Des revues à un sou, un sou pour s’évader, pour vivre des aventures dont les héros se tiraient de situations périlleuses, un sou pour voir le Bien triompher du Mal et pas un sou pour le sexe qui ne polluait jamais l'intrigue. Ces fascicules ne furent pas conservés par les bibliothèques nationales : le papier était trop fragile, on parlait de « pulpe » de papier et, en Amérique, de « pulp fiction »…

 

J’y découvrais la peur mêlée au fantastique dans les histoires de Harry Dickson, le « Sherlock Holmes américain ». J’ignorais qui écrivait ces histoires. J’appris plus tard qu’il s’agissait du belge Jean Ray (« Malpertuis »). De l’écriture purement alimentaire. Un épisode tous les jours pendant sept ans, une centaine d’histoires aux titres frissonnants : Les Détrousseurs de cadavres, Le Crucifié, Le signe de la mort, La pieuvre noire, L’île de la terreur, Les mystérieuses études du Dr.
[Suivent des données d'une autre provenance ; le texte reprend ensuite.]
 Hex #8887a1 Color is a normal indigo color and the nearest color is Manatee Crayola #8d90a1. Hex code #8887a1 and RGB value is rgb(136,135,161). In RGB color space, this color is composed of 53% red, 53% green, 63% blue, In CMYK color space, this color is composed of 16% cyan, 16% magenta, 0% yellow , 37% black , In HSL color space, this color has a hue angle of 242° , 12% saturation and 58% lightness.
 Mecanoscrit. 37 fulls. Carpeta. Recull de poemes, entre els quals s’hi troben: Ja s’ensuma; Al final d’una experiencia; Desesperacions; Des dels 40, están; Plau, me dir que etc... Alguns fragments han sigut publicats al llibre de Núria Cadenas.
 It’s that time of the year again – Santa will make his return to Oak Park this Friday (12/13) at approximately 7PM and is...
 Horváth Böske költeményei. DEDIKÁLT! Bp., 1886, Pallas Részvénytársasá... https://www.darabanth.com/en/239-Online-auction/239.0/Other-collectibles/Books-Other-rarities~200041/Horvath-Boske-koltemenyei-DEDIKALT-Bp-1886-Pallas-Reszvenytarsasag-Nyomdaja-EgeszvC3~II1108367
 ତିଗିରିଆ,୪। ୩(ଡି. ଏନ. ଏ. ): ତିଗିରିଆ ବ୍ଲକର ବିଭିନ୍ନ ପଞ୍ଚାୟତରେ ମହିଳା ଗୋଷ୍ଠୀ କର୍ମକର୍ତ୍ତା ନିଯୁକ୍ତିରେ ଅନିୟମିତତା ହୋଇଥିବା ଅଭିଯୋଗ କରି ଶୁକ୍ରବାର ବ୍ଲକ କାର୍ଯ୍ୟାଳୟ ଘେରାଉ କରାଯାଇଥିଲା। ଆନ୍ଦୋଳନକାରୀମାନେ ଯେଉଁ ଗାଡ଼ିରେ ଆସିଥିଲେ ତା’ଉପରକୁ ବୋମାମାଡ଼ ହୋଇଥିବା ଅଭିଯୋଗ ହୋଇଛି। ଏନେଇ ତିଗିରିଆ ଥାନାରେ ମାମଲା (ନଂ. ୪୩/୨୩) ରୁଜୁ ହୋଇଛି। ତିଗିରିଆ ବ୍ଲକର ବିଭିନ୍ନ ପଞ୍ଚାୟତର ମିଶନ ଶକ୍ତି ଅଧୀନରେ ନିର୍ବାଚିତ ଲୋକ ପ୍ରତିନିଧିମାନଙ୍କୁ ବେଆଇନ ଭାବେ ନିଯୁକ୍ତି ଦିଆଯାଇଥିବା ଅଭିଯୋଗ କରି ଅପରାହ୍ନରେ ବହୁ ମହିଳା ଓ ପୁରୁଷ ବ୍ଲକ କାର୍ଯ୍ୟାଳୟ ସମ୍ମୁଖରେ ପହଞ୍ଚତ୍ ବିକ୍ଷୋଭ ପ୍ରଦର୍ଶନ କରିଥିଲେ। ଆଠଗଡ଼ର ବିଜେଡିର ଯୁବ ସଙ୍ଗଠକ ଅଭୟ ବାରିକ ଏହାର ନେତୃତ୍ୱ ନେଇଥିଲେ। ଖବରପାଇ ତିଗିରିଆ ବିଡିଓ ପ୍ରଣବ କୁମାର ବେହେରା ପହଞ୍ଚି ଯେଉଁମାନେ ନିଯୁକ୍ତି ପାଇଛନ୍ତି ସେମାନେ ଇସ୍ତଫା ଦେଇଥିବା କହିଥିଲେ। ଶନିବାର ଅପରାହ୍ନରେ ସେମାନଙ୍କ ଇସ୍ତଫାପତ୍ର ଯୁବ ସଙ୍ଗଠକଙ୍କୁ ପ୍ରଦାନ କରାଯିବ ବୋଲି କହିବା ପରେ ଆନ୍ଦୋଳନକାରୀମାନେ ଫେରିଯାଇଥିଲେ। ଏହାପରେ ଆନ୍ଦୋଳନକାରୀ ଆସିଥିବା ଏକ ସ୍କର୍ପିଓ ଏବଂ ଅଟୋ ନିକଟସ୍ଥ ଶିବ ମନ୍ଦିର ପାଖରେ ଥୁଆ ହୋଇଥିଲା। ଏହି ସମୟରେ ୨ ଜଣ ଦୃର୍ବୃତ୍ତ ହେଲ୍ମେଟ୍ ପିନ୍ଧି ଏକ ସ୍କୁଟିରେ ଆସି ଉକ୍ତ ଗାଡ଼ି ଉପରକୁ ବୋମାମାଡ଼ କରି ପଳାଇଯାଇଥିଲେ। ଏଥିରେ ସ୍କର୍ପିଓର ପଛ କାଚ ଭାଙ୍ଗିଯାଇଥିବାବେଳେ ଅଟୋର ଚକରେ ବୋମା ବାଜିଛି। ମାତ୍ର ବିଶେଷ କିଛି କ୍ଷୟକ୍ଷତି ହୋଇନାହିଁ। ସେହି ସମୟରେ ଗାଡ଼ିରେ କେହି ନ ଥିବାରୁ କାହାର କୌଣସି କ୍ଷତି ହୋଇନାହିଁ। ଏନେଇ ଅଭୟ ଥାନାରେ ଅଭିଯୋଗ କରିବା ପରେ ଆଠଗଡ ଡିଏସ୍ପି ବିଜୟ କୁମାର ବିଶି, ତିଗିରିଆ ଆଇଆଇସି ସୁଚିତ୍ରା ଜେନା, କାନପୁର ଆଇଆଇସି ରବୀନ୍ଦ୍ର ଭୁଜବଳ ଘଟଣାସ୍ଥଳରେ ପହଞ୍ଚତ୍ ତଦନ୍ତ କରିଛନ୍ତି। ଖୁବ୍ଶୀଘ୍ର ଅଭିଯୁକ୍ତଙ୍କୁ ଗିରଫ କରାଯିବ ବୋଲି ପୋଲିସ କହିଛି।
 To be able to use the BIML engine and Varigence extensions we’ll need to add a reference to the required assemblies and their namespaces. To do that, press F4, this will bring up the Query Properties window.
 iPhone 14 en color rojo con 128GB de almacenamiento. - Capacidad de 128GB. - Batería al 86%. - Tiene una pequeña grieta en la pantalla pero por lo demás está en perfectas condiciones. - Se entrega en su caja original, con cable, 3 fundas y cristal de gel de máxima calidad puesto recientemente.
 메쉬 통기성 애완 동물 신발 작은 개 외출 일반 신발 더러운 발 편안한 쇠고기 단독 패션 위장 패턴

Drumm… Je revois encore cet homme ligoté sur une table, les jambes écartées alors qu’une immense scie grignotait le bois de la table et allait couper le héros en deux dans le sens de la longueur jusqu’au moment où… la sonnette de la porte d’entrée résonnait annonçant le départ de la cliente. Il fallait redescendre sur terre quatre à quatre.

 

Dans les caisses, il y avait aussi les aventures de Nick Carter, personnage créé par John Russel Coryel. Et surtout, William Frederic Cody, dit Buffalo Bill, “Pahaska”  en sioux, figure mythique de la Conquête de l’Ouest, exterminateur de bisons qui entra dans la légende grâce à l’écrivain Ned Buntline… Les vrais livres sont peut-être ceux dont le héros parvient à faire oublier le nom de l’auteur.

 

Une dernière image : Buffalo Bill affronte un cruel indien, tombe de cheval et au moment où l’indien lève son couteau sur le héros à terre… la sonnette de la porte d’entrée sonne, sifflant la fin de la récréation. Je descends à la cuisine et ma mère me lance :

-     Alors, tu le connais ton texte, maintenant ?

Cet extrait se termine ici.